(Task requirements): For this listing, reproduce the line with "Bursa'nın İnegöl ilçesinde", the line with "Columnas de Opinión: La", and the lines between, exactly as they stand. Leave out pictures and all other lines.

(Data for processing):
***

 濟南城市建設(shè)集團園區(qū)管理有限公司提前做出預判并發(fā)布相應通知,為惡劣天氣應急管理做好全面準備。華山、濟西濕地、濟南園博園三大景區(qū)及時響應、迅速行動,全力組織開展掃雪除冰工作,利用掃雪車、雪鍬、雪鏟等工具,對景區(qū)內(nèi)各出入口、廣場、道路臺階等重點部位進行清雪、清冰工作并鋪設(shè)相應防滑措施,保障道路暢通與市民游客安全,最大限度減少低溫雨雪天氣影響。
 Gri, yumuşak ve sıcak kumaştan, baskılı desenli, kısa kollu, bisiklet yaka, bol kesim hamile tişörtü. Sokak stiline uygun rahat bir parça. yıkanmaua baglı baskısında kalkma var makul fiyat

***

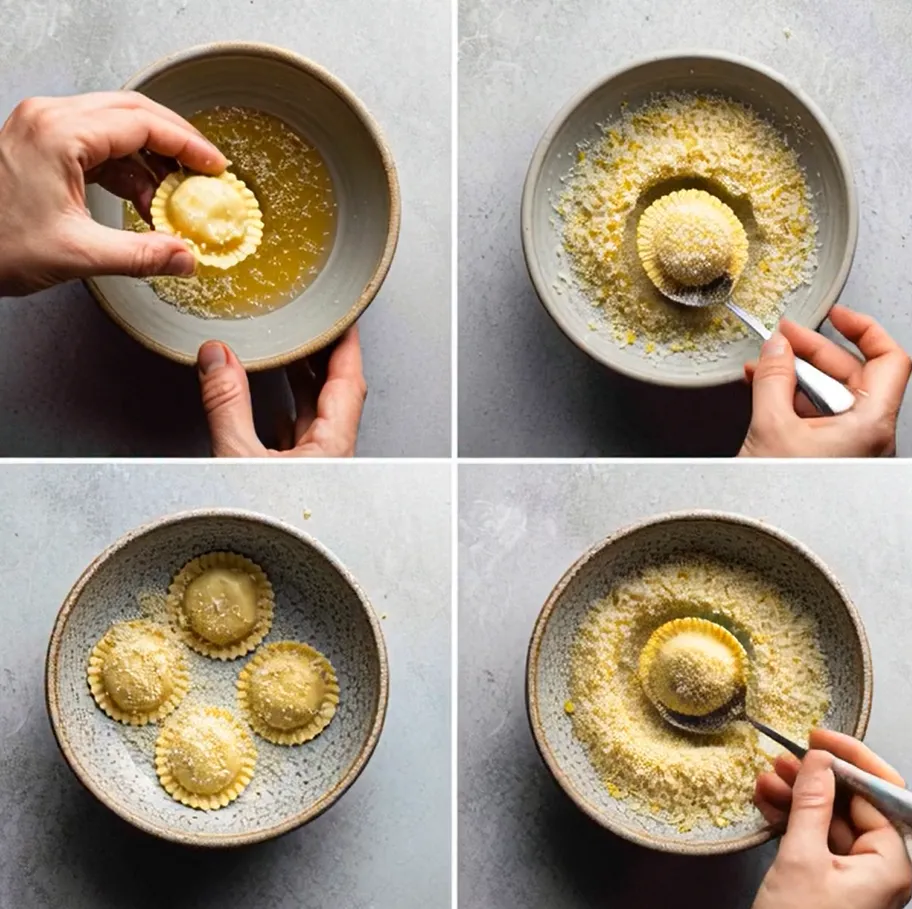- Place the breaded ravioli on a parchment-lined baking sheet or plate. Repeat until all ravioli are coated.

***

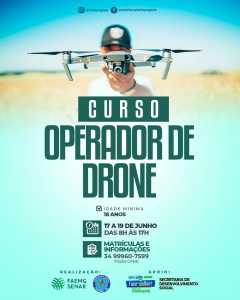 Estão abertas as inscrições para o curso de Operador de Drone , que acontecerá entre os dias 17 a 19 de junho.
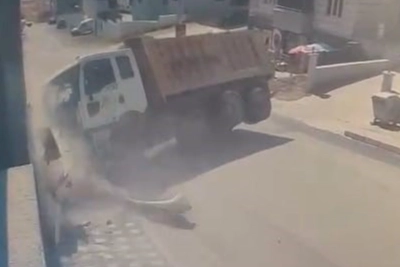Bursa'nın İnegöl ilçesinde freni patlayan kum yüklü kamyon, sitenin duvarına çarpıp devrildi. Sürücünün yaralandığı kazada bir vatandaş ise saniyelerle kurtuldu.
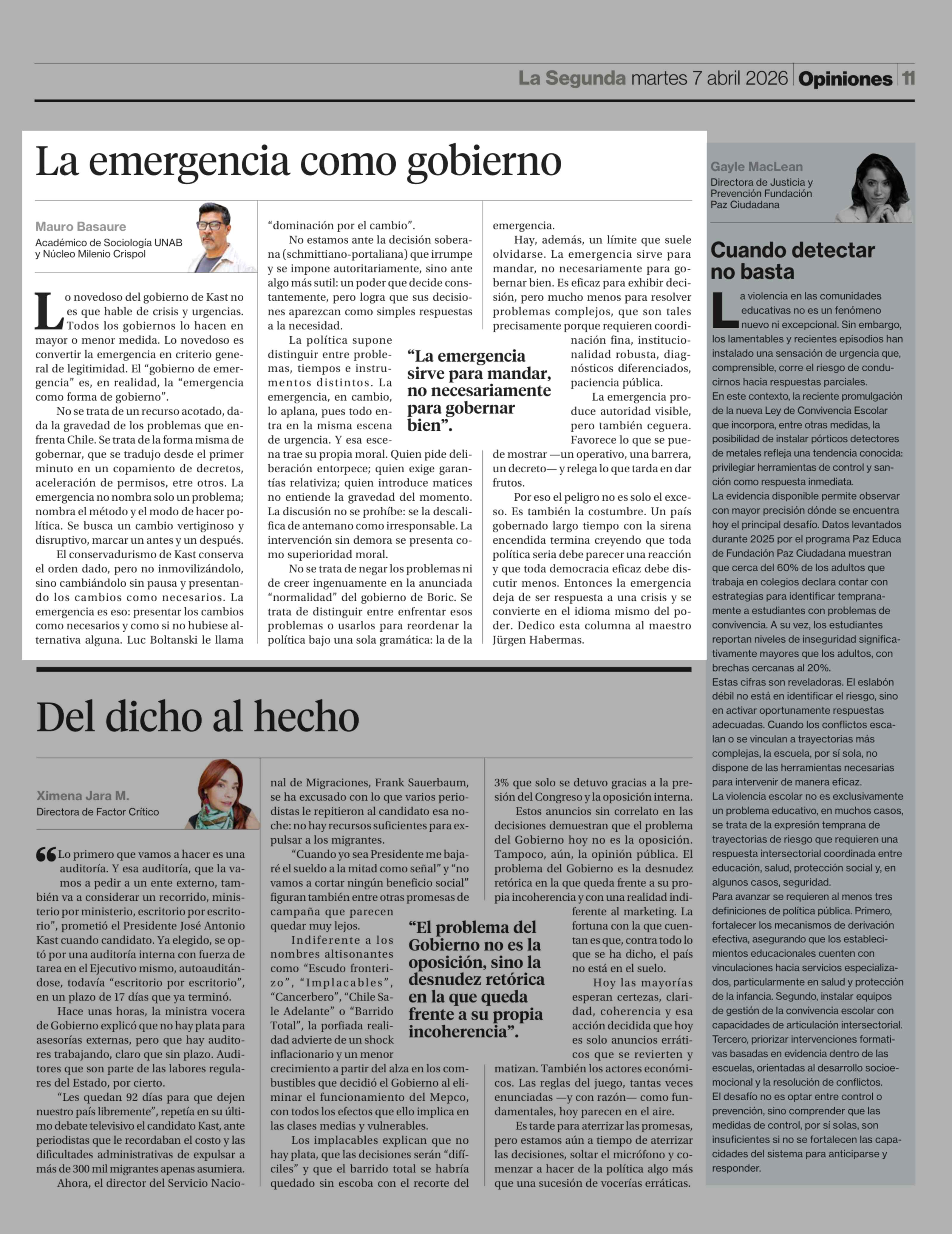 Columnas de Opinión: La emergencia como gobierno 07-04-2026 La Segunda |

***

(Reply):
Bursa'nın İnegöl ilçesinde freni patlayan kum yüklü kamyon, sitenin duvarına çarpıp devrildi. Sürücünün yaralandığı kazada bir vatandaş ise saniyelerle kurtuldu.
 Columnas de Opinión: La emergencia como gobierno 07-04-2026 La Segunda |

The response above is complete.